Farmer John has installed a new security system on the barn and now must issue a valid password to the cows in the herd. A valid password consists of L (3 <= L <= 15) different lower-case characters (from the traditional latin character set 'a'...'z'), has at least one vowel ('a', 'e', 'i', 'o', or 'u'), at least two consonants (non-vowels), and has characters that appear in alphabetical order (i.e., 'abc' is valid; 'bac' is not). 

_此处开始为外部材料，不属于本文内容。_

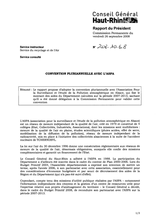 Le rapport propose d’adopter la convention pluriannuelle avec l’Association Pour la Surveillance et l’étude de la Pollution atmosphérique en Alsace, qui fixe le montant des aides du Département calculées sur la période 2007-2013, sachant qu’il a été donné délégation à la Commission Permanente pour valider cette convention
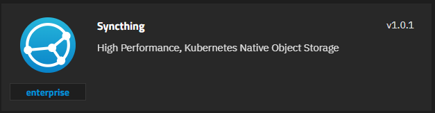 a. Go to Apps > Discover Apps, locate the Syncthing enterprise app widget. Ensure the widget reflects the Enterprise train version of the app.

Given a desired length L along with C lower-case characters, write a program to print all the valid passwords of length L that can be formed from those letters. The passwords must be printed in alphabetical order, one per line.

Input

* Line 1: Two space-separated integers, L and C 

* Line 2: C space-separated lower-case characters that are the set of characters from which to build the passwords

Output

* Lines 1..?: Each output line contains a word of length L characters (and no spaces). The output lines must appear in alphabetical order.

Sample Input

4 6
a t c i s w

Sample Output

acis
acit
aciw
acst
acsw
actw
aist
aisw
aitw
astw
cist
cisw
citw
istw




题目大概:

求字典序的全排列,但是要至少有1个元音字母和2和辅音字母。

思路:

dfs

代码:

#include <iostream>
#include <cmath>
#include <cstdio>
#include <cstring>
#include <algorithm>

using namespace std;
int n,m;
char a[30];

int map[30];

int dfs(int k ,int t,int y,int f)
{
    if(t==n&&y>=1&&f>=2)
    {


                      for(int i=1;i<=m;i++)
        {
           if(map[i])cout<<a[i];
        }
        cout<<endl;


        return 0;
    }

    for(int i=k;i<=m;i++)
    {
     if(a[i]=='a'||a[i]=='e'||a[i]=='i'||a[i]=='o'||a[i]=='u')
     {
         map[i]=1;
         dfs(i+1,t+1,y+1,f);
         map[i]=0;
     }
     else
     {   map[i]=1;
         dfs(i+1,t+1,y,f+1);
         map[i]=0;

     }
    }


}
int main()
{
    cin>>n>>m;
    for(int i=1;i<=m;i++)
    {
        cin>>a[i];
    }
    sort(a+1,a+m+1);
    dfs(1,0,0,0);



    return 0;
}